Re: OpenLDAP syncrepl woes



On Thu, Nov 17, 2011 at 5:50 PM, Howard Chu <hyc@symas.com> wrote:
>
> Jeffrey Crawford wrote:
>>
>> On Wed, Nov 16, 2011 at 1:27 PM, Howard Chu <hyc@symas.com
>> <mailto:hyc@symas.com>> wrote:
>>    Jeffrey Crawford wrote:
>>        On Wed, Nov 16, 2011 at 7:40 AM, Jeffrey Crawford<jeffreyc@ucsc.edu
>>        <mailto:jeffreyc@ucsc.edu>>  wrote:
>>            On Wed, Nov 16, 2011 at 12:09 AM, Howard Chu<hyc@symas.com
>>            <mailto:hyc@symas.com>>  wrote:
>>                Jeffrey Crawford wrote:
>>                    I'm trying to stabilize our openldap server farm before
>>                    going live and
>>                    am finding that despite the contextCSN matching between
>>                    providers and
>>                    replicas, the actual content of the server is getting out
>>                    of sync.
>>                    This is most prominent when we are testing our population
>>                    routine and
>>                    we need to remove all accounts before starting. right now
>>                    it's only
>>                    about 22000 entries (It will get much larger).
>
>>                    During the mass delete we got the following sprinkled
>>                    throughout the
>>                    logs on all machines:
>>                    ====
>>                    Nov 15 15:47:16 idm-prod-ldap-2 slapd[33070]:
>>                    bdb(dc=domain,dc=name):
>>                    previous transaction deadlock return not resolved
>>
>>
>>                Wow. I've never seen this error message before. What version
>>                of OpenLDAP and
>>                BerkeleyDB are you using?
>>
>>
>>            FreeBSD 8.2 with openldap 2.4.26, however like I mentioned before,
>>            right now I think we are squeezing ram right now Part of this
>>            deployment was to discover how much ram we needed on the virtual
>>            machine and it was started pretty low.
>>
>>
>>        Oh and we are using bdb 4.6 right now (forgot to answer that)
>>
>>
>>    Running out of memory would cause an obvious error message ("no memory")

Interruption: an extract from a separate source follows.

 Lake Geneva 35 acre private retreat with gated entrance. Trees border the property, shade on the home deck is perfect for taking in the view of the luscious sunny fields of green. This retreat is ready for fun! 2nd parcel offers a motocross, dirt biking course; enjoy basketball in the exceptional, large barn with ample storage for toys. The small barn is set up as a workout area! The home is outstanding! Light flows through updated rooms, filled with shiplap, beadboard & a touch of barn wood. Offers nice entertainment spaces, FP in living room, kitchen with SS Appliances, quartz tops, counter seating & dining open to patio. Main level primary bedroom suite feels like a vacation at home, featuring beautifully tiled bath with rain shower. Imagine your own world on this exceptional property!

>>    so that's not likely to be the problem here. Might be worth upgrading to
>>    at least BDB 4.8, but again, never having seen BDB spit out that error
>>    before, that's just a guess.
>
>> Not sure if this is significant but I'm been noticing that this error only
>> shows up on deletes. However it also shows up on deletes on the machine I'm
>> running the ldapdelete against. So perhaps this is more of a software issue.

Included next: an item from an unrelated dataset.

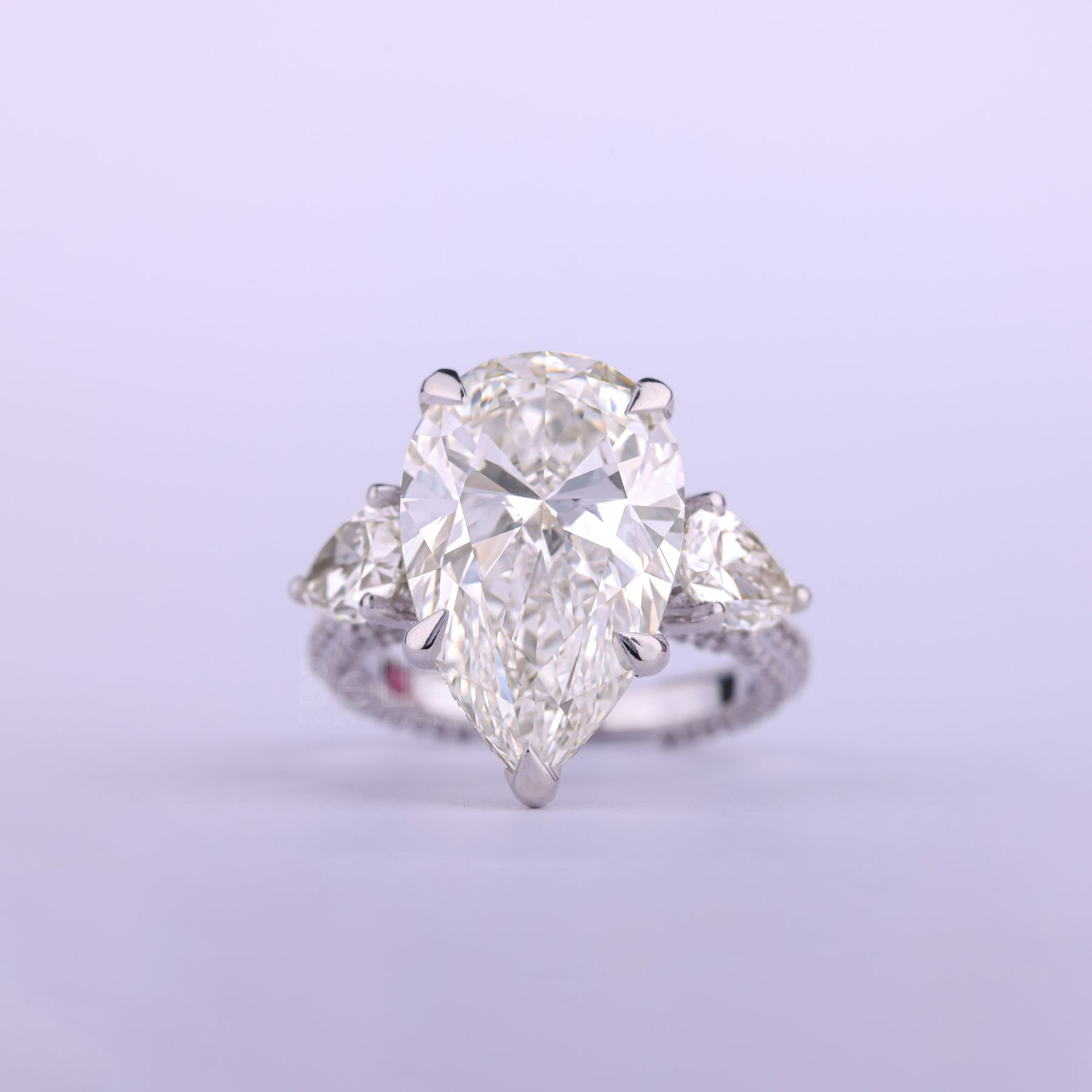 3.50CT Pear Cut Diamond Three Stone Cluster Engagement Ring

>> I'll go ahead and run this with more ram and I'll check with the sysadmin if
>> they can compile it against bdb 4.8 and see if that changes anything. But I
>> don't think ITS#7052 applies here because the machine I'm doing this against
>> does not use syncrepl, its the provider to others.
>>
>> This is a machine on a VM. Are there any known issues with that?
>
> Way back in the dawn of time, there were some VMware implementations that didn't support mutexes correctly. I don't think that's been an issue for many years. There ought to be other error messages in your log, immediately preceding the one you quoted. Post those too.
>
> --
>  -- Howard Chu
>  CTO, Symas Corp.           http://www.symas.com
>  Director, Highland Sun     http://highlandsun.com/hyc/
>  Chief Architect, OpenLDAP  http://www.openldap.org/project/

There really isn't much there but here is an example really not much
around it: (I've modified the usernames only)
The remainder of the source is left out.